TASK REQUIREMENTS
An exact copy of every record, without the pictures, is what should come back.

MATERIAL SUPPLIED
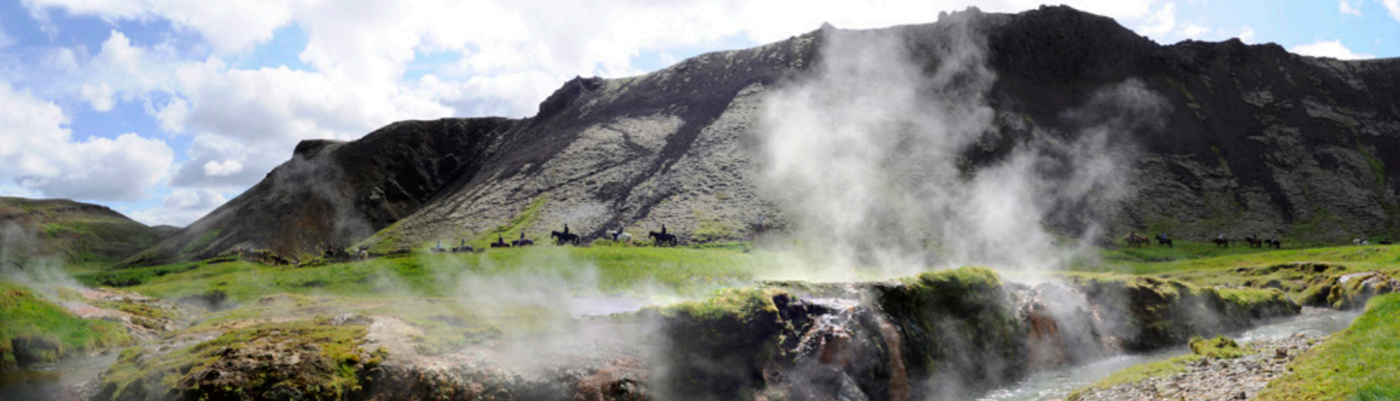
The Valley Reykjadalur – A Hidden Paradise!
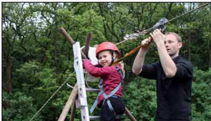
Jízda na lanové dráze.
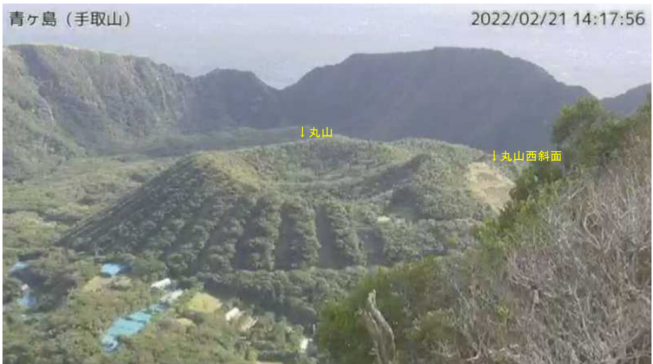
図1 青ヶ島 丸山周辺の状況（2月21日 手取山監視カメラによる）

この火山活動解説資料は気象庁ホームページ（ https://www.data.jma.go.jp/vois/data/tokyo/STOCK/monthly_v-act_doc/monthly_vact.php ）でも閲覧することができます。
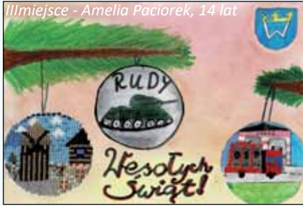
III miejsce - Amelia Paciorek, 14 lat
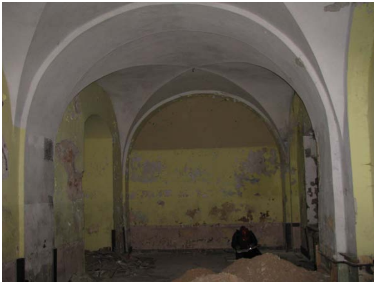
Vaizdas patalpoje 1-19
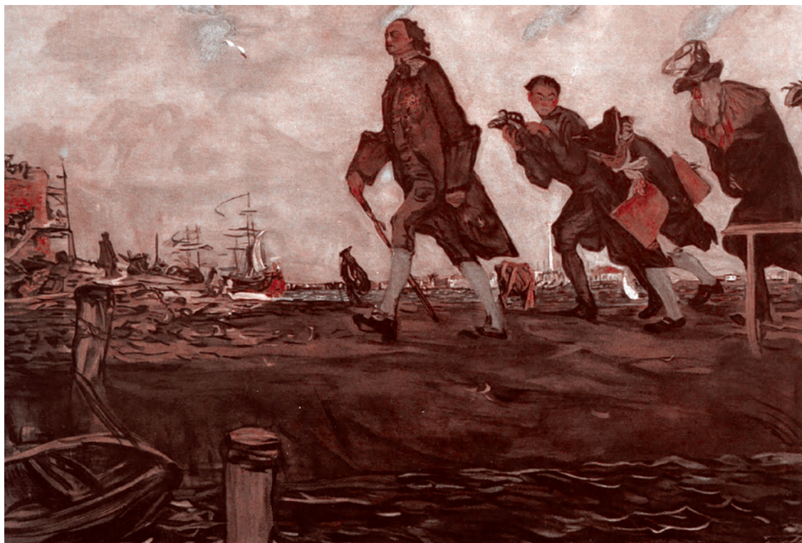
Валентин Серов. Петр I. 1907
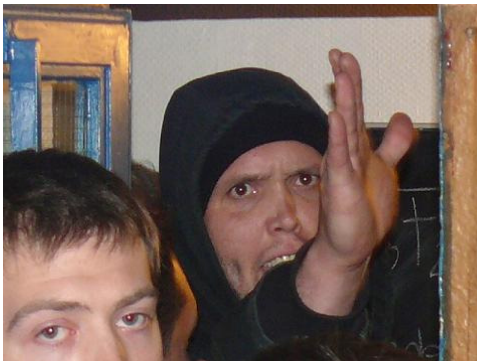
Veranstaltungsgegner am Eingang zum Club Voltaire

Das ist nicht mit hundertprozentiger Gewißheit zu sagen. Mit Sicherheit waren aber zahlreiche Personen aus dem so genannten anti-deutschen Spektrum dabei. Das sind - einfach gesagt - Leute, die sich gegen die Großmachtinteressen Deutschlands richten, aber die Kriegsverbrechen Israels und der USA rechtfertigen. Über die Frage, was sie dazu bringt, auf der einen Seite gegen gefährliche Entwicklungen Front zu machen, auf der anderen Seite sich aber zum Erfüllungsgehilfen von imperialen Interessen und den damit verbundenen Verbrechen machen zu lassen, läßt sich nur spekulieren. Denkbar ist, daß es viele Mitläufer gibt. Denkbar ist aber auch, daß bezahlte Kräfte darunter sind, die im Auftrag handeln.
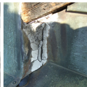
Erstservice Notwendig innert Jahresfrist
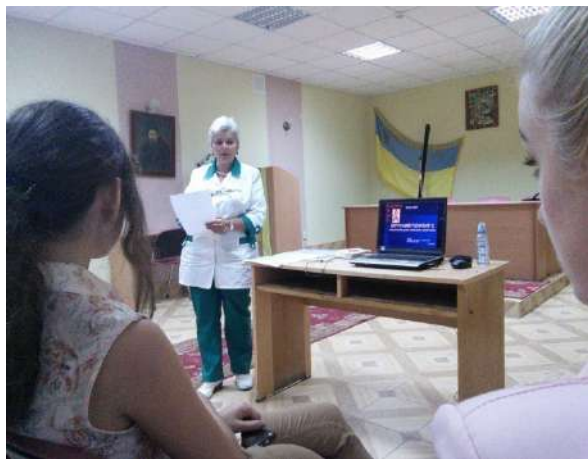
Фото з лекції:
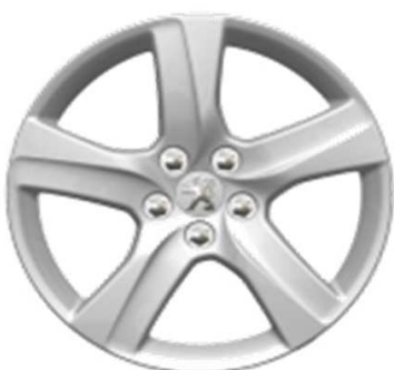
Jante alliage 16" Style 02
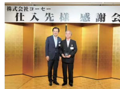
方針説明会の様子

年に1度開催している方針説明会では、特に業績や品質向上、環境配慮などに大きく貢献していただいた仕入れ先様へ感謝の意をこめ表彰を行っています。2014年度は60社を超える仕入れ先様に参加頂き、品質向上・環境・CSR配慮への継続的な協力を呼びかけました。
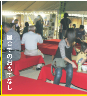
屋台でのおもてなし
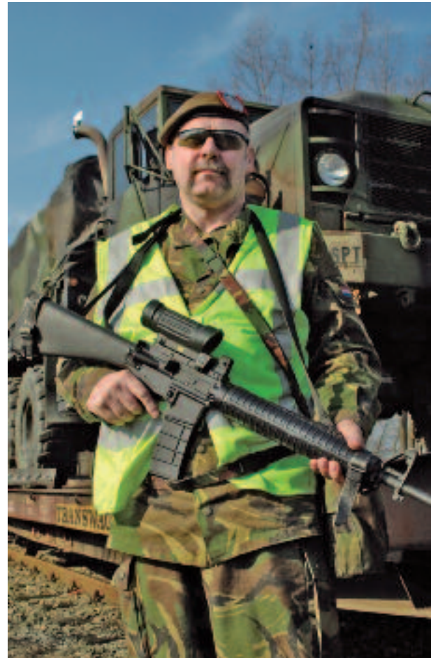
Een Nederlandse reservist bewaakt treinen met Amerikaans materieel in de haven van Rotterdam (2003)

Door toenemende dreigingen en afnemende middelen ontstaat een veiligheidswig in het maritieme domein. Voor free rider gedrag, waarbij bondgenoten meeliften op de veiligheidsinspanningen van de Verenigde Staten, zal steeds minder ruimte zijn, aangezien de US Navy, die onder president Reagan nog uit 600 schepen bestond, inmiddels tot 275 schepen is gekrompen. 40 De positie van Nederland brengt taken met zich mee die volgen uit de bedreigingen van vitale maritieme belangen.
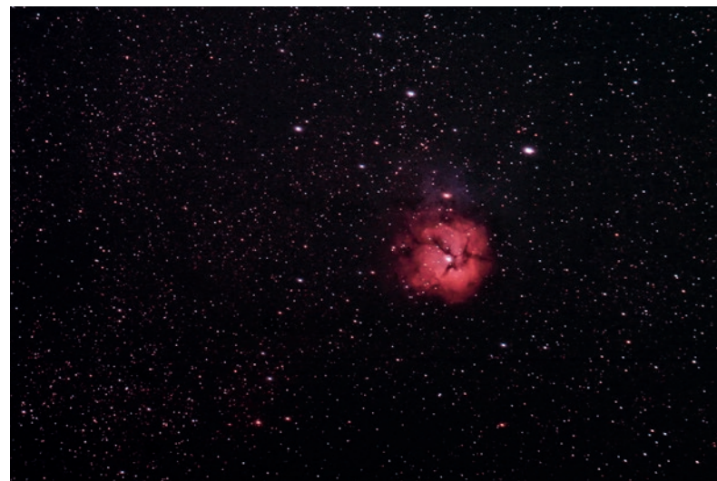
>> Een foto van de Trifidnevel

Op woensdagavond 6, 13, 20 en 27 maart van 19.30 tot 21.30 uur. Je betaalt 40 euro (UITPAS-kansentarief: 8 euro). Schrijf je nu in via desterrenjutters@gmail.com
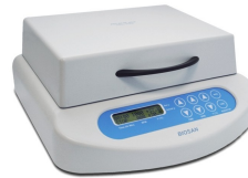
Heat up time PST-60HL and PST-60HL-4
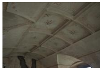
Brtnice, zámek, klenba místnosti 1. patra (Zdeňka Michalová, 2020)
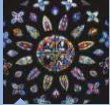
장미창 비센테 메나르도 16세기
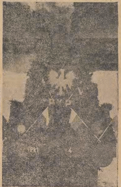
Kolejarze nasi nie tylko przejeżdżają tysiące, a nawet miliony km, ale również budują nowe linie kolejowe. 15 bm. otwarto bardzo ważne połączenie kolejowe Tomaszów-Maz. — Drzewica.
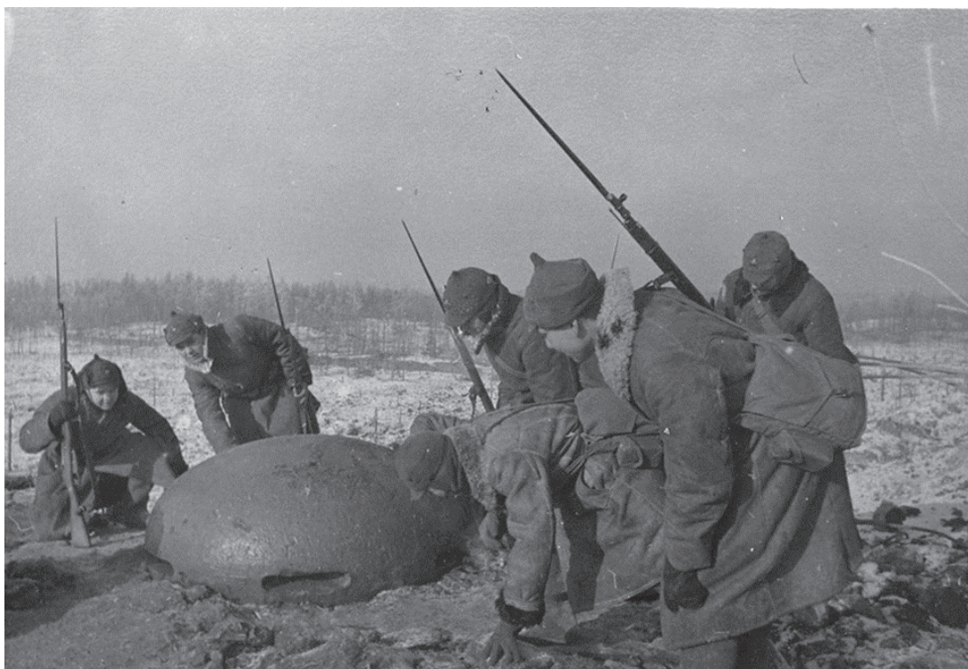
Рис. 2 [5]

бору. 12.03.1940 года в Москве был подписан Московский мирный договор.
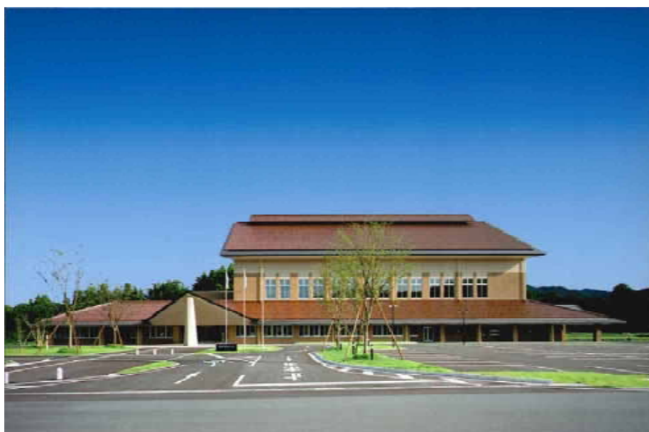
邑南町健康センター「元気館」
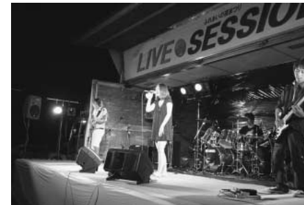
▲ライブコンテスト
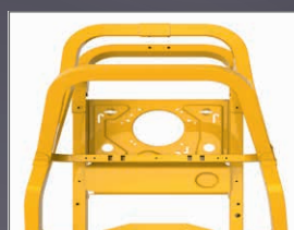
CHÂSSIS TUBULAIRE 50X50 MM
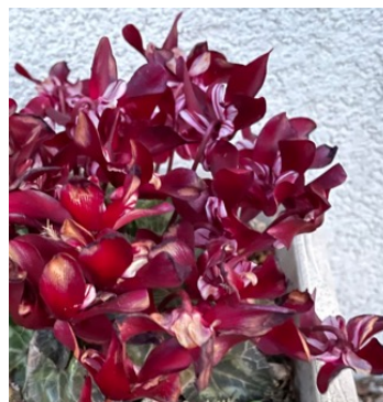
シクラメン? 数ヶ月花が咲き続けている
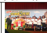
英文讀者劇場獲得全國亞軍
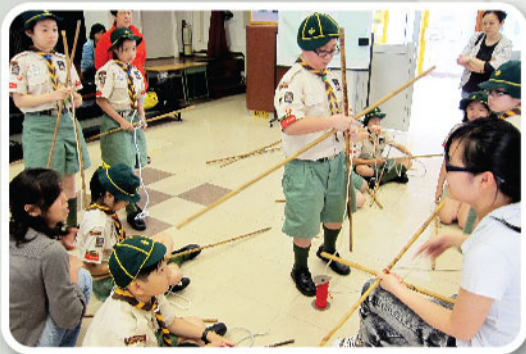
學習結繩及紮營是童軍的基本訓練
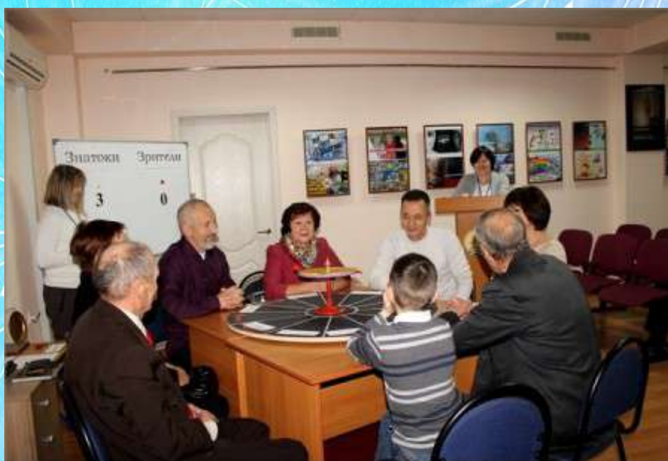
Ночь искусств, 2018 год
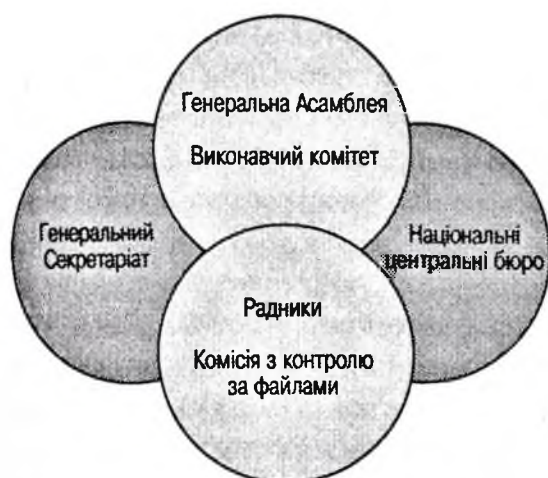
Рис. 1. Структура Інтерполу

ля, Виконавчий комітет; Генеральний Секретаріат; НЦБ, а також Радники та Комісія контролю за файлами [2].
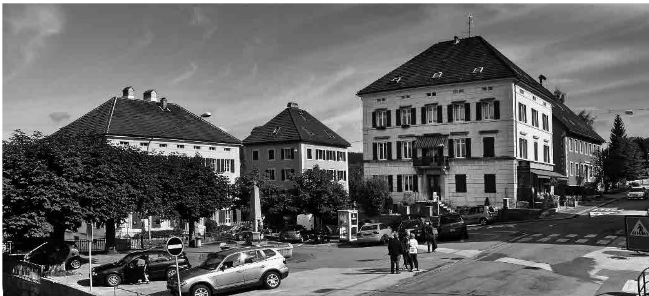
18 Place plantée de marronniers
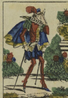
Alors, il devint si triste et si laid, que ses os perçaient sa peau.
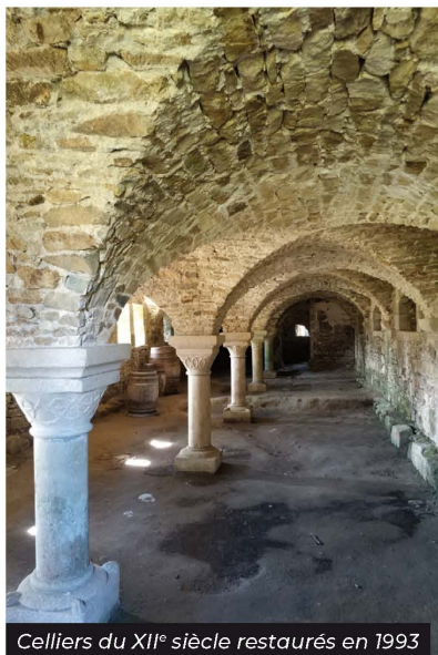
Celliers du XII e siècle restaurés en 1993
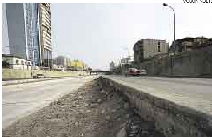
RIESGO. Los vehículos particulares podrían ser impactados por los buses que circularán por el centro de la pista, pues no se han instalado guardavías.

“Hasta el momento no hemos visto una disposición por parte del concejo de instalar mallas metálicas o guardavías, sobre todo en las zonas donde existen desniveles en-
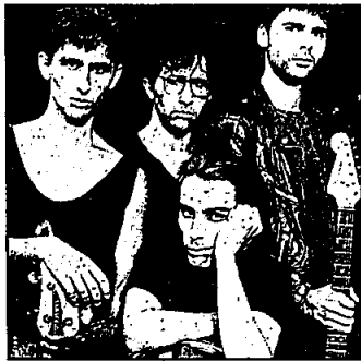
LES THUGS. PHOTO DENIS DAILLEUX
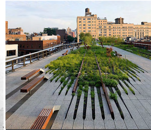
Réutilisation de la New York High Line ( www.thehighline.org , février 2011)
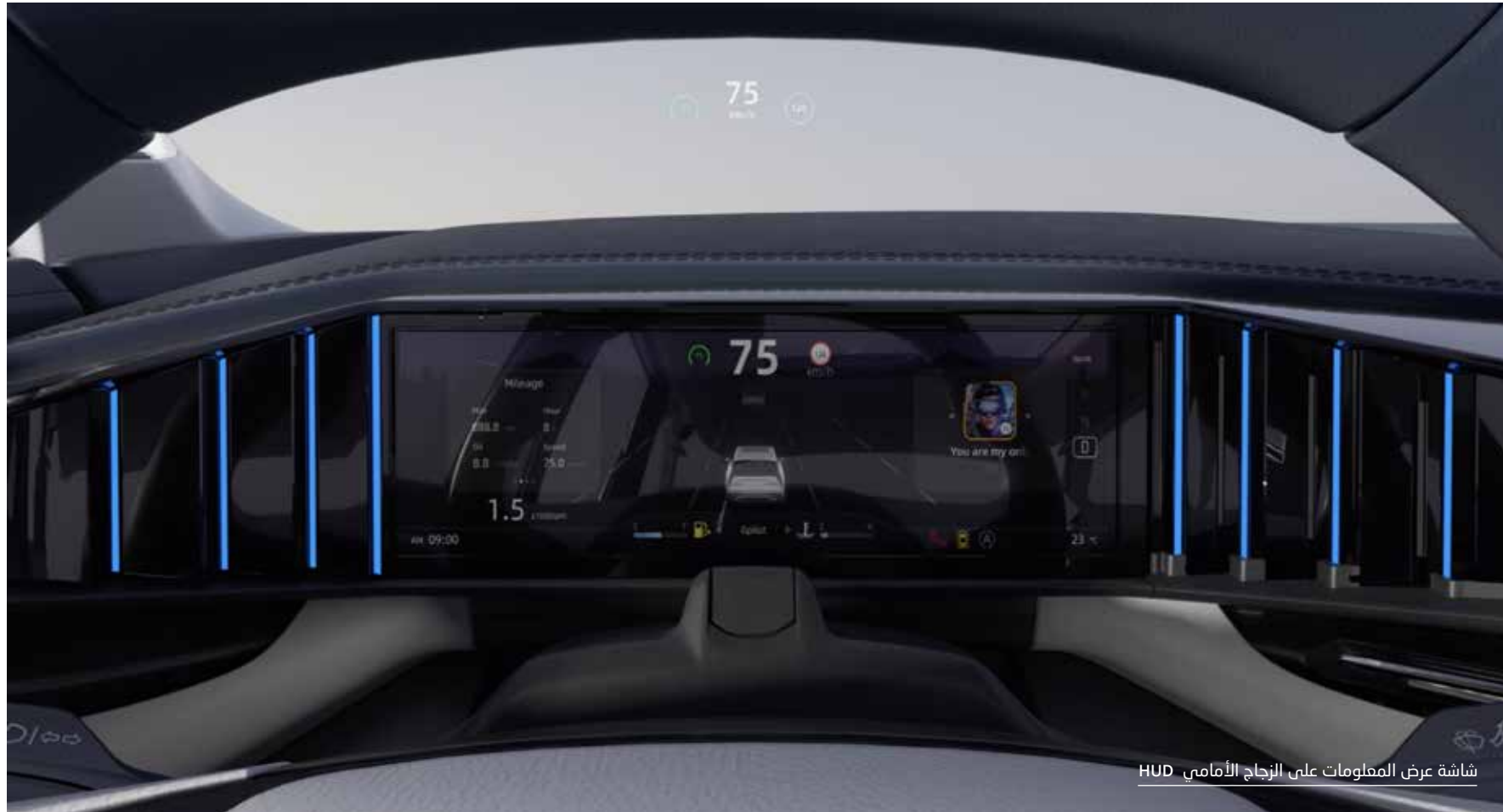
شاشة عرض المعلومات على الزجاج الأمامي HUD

TASK RESULT
The Valley Reykjadalur – A Hidden Paradise!
Jízda na lanové dráze.
図1 青ヶ島 丸山周辺の状況（2月21日 手取山監視カメラによる）

この火山活動解説資料は気象庁ホームページ（ https://www.data.jma.go.jp/vois/data/tokyo/STOCK/monthly_v-act_doc/monthly_vact.php ）でも閲覧することができます。
III miejsce - Amelia Paciorek, 14 lat
Vaizdas patalpoje 1-19
Валентин Серов. Петр I. 1907
Veranstaltungsgegner am Eingang zum Club Voltaire

Das ist nicht mit hundertprozentiger Gewißheit zu sagen. Mit Sicherheit waren aber zahlreiche Personen aus dem so genannten anti-deutschen Spektrum dabei. Das sind - einfach gesagt - Leute, die sich gegen die Großmachtinteressen Deutschlands richten, aber die Kriegsverbrechen Israels und der USA rechtfertigen. Über die Frage, was sie dazu bringt, auf der einen Seite gegen gefährliche Entwicklungen Front zu machen, auf der anderen Seite sich aber zum Erfüllungsgehilfen von imperialen Interessen und den damit verbundenen Verbrechen machen zu lassen, läßt sich nur spekulieren. Denkbar ist, daß es viele Mitläufer gibt. Denkbar ist aber auch, daß bezahlte Kräfte darunter sind, die im Auftrag handeln.
Erstservice Notwendig innert Jahresfrist
Фото з лекції:
Jante alliage 16" Style 02
方針説明会の様子

年に1度開催している方針説明会では、特に業績や品質向上、環境配慮などに大きく貢献していただいた仕入れ先様へ感謝の意をこめ表彰を行っています。2014年度は60社を超える仕入れ先様に参加頂き、品質向上・環境・CSR配慮への継続的な協力を呼びかけました。
屋台でのおもてなし
Een Nederlandse reservist bewaakt treinen met Amerikaans materieel in de haven van Rotterdam (2003)

Door toenemende dreigingen en afnemende middelen ontstaat een veiligheidswig in het maritieme domein. Voor free rider gedrag, waarbij bondgenoten meeliften op de veiligheidsinspanningen van de Verenigde Staten, zal steeds minder ruimte zijn, aangezien de US Navy, die onder president Reagan nog uit 600 schepen bestond, inmiddels tot 275 schepen is gekrompen. 40 De positie van Nederland brengt taken met zich mee die volgen uit de bedreigingen van vitale maritieme belangen.
>> Een foto van de Trifidnevel

Op woensdagavond 6, 13, 20 en 27 maart van 19.30 tot 21.30 uur. Je betaalt 40 euro (UITPAS-kansentarief: 8 euro). Schrijf je nu in via desterrenjutters@gmail.com
Heat up time PST-60HL and PST-60HL-4
Brtnice, zámek, klenba místnosti 1. patra (Zdeňka Michalová, 2020)
장미창 비센테 메나르도 16세기
Kolejarze nasi nie tylko przejeżdżają tysiące, a nawet miliony km, ale również budują nowe linie kolejowe. 15 bm. otwarto bardzo ważne połączenie kolejowe Tomaszów-Maz. — Drzewica.
Рис. 2 [5]

бору. 12.03.1940 года в Москве был подписан Московский мирный договор.
邑南町健康センター「元気館」
▲ライブコンテスト
CHÂSSIS TUBULAIRE 50X50 MM
シクラメン? 数ヶ月花が咲き続けている
英文讀者劇場獲得全國亞軍
學習結繩及紮營是童軍的基本訓練
Ночь искусств, 2018 год
Рис. 1. Структура Інтерполу

ля, Виконавчий комітет; Генеральний Секретаріат; НЦБ, а також Радники та Комісія контролю за файлами [2].
18 Place plantée de marronniers
Alors, il devint si triste et si laid, que ses os perçaient sa peau.
Celliers du XII e siècle restaurés en 1993
RIESGO. Los vehículos particulares podrían ser impactados por los buses que circularán por el centro de la pista, pues no se han instalado guardavías.

“Hasta el momento no hemos visto una disposición por parte del concejo de instalar mallas metálicas o guardavías, sobre todo en las zonas donde existen desniveles en-
LES THUGS. PHOTO DENIS DAILLEUX
Réutilisation de la New York High Line ( www.thehighline.org , février 2011)
شاشة عرض المعلومات على الزجاج الأمامي HUD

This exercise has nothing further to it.